Yüzünüz kızarmadı mı?
Geçtiğimiz hafta bugün, Askerimiz ÖSO'yla birlikte Afrin merkeze girdi. Mehmetçiğimizin Afrin'de sergilediği başarı, bu seneki 18 Mart Çanakkale Zaferi kutlamalarına ayrı bir önem kattı. Birde, Yiğitlerimiz Kahraman Dedelerine layık birer evlat olduklarını gösterdiler.
Gelin hep birlikte soralım... Bu manzara karşısında, Afrin'e girilmesin diyen zat yüzün hiç kızarmadı mı? Afrin'i kapana benzeten beyefendi, senin de mi yüzün kızarmadı? 7'den 77'ye milletimiz, askerimizin başarılı olması için dua ederken, ortalıkta felaket tellalı gibi dolaşanlar, sizin de mi yüzünüz kızarmadı?
Aydın doğan denilince
Birkaç gün önce, Aydın Doğan'ın elindeki medya grubunu Demirören'e sattığı yönünde bir haber duyuldu. Satış resmiyet kazanır mı kazanmaz mı denilirken, KAP'a bildirim yapılınca durum netleşti. Bu sebeple yapılan ticaret taraflara hayırlı olsun diyorum.
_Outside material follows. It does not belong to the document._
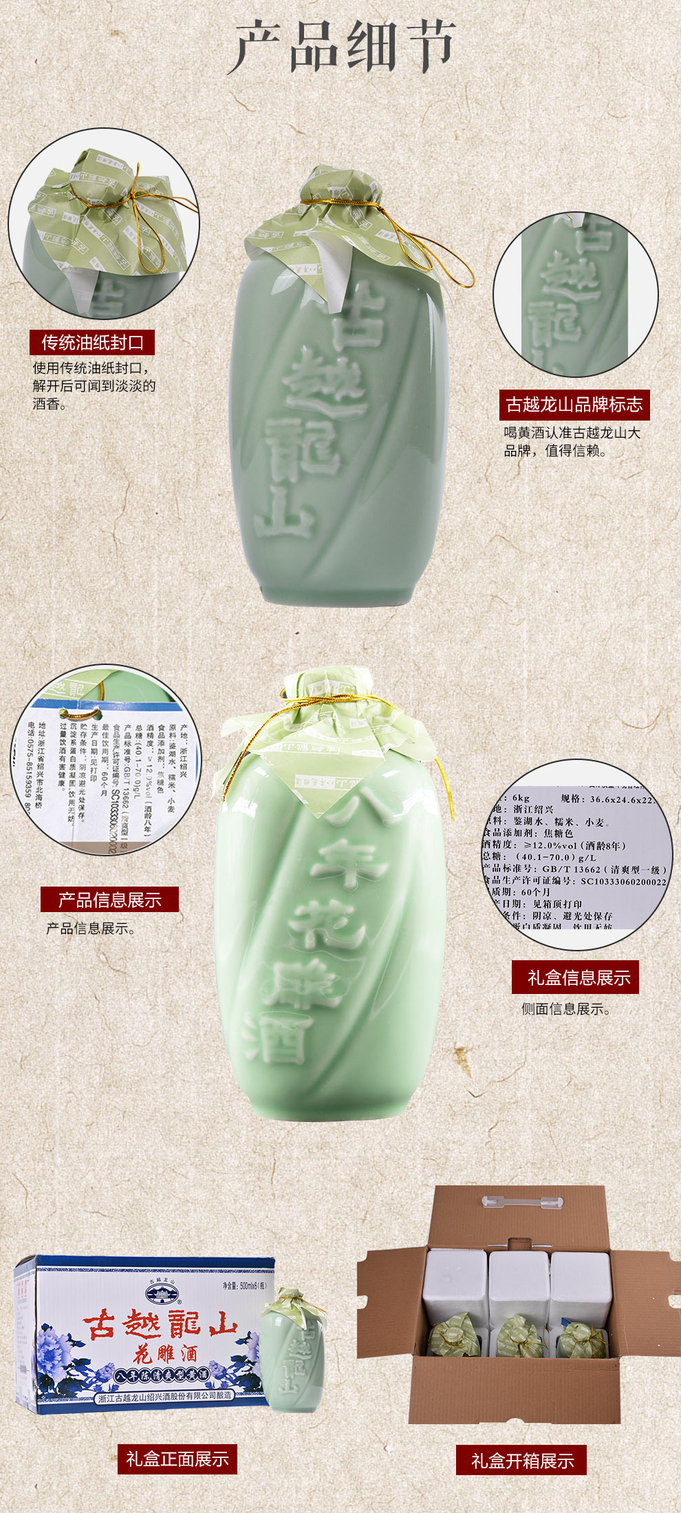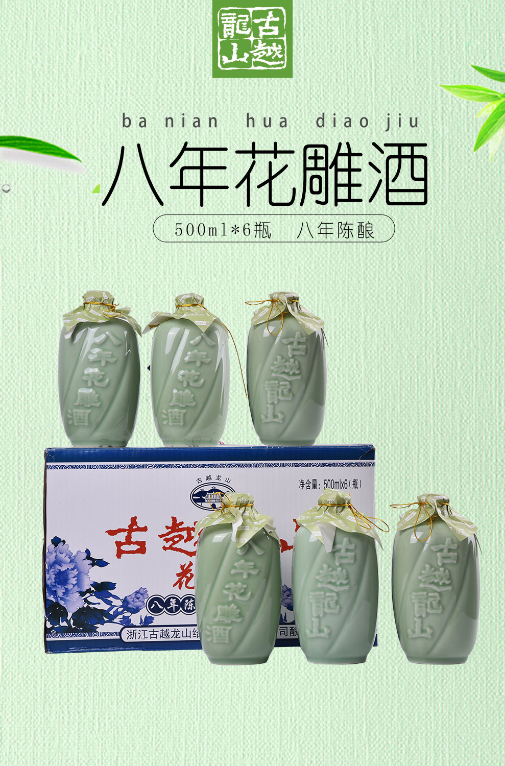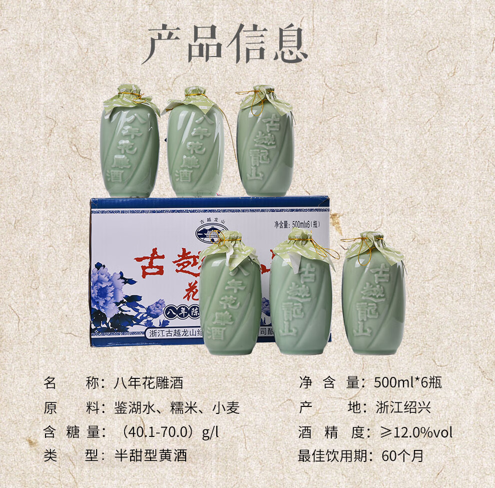 口味:半甜型黄酒(总糖:40.0-100.0g/L);度数:10-19度;产地:浙江;适用场景:商务宴请,礼节拜访,家庭聚会,收藏,朋友小聚,婚宴用酒,自斟自饮;包装:整箱装;容量:500-999mL;保质期:60个月;酒精度:14;存储方法:阴凉、避光处保存;容量:500mL;产品重量:6kg;包装清单:古越龙山 绍兴黄酒 八年陈花雕酒 清爽型 500ml*6瓶 整箱装;
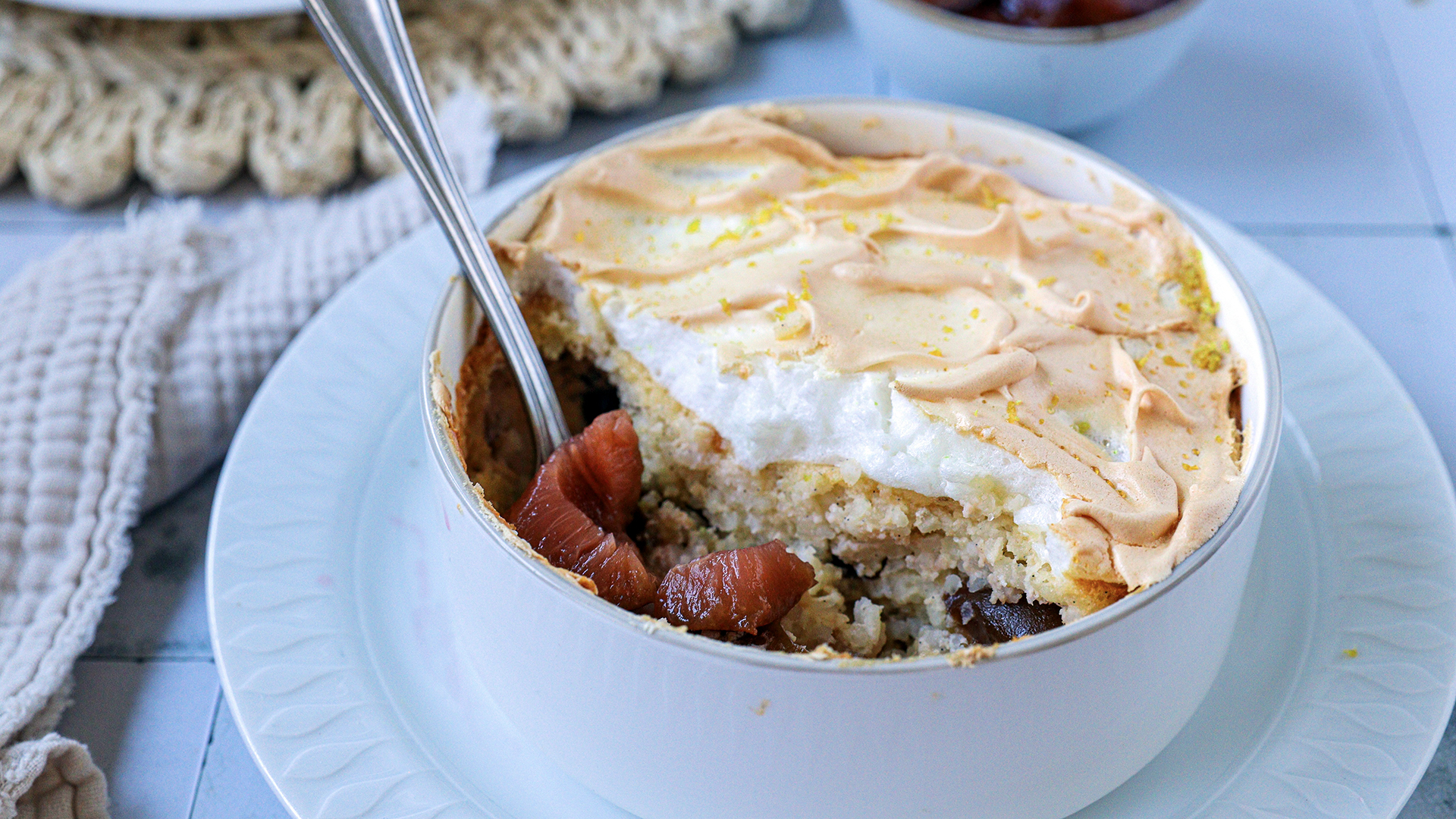 - Pečte 35 minut (nebo dokud nebude povrch pevný), pak na nákyp navršte zbylý sníh, vraťte do trouby a dopékejte ještě 15 minut do zezlátnutí.

Dostlar, Aydın Doğan denilince, birçok olay hatırlanır. Mesela, kendisinin ülkenin Başbakanı'nı pijamayla karşılaması hatırlanır. Mesela, kendisinin medya üzerinden yaptığı operasyonlar hatırlanır.
Bila'ya talimat vermişti!
Ben ise kendisini bir resepsiyonda yaptığımız görüşmeyle hatırlıyorum. Şöyle kiu2026 Geçtiğimiz yıllarda bir 29 Ekim Resepsiyonu'nda davetliler arasında dolaşırken, yardımcım; Aydın Bey'in de orada olduğunu söyledi. Ben de kendisinin yanına gitmek istediğimi söyledim. Aydın Doğan'ın yanına varıp tanıştıktan sonra, kendisine Hürriyet'te yazma isteğimi ilettim. Aydın Bey, bu isteği uygun görerek, konunun organize edilmesi için, Genel Yayın Müdürü Fikret Bila'ya talimat verdi.
Mümkün değilmiş!
Normal şartlarda, bir işi patron uygun görürse o iş bitmiş demektir. Ama bizim iş öyle olmadı. Fikret Bey'in telefon mesajında belirttiğine göre, Türkiye'de ulusal basında kalem oynatan tek görme engelli yazar olan benim, Hürriyet'te yazma talebimin karşılanması mümkün değilmiş. Patron organize edin demişken bizim iş niye gerçekleşmedi, hala anlamış değilim.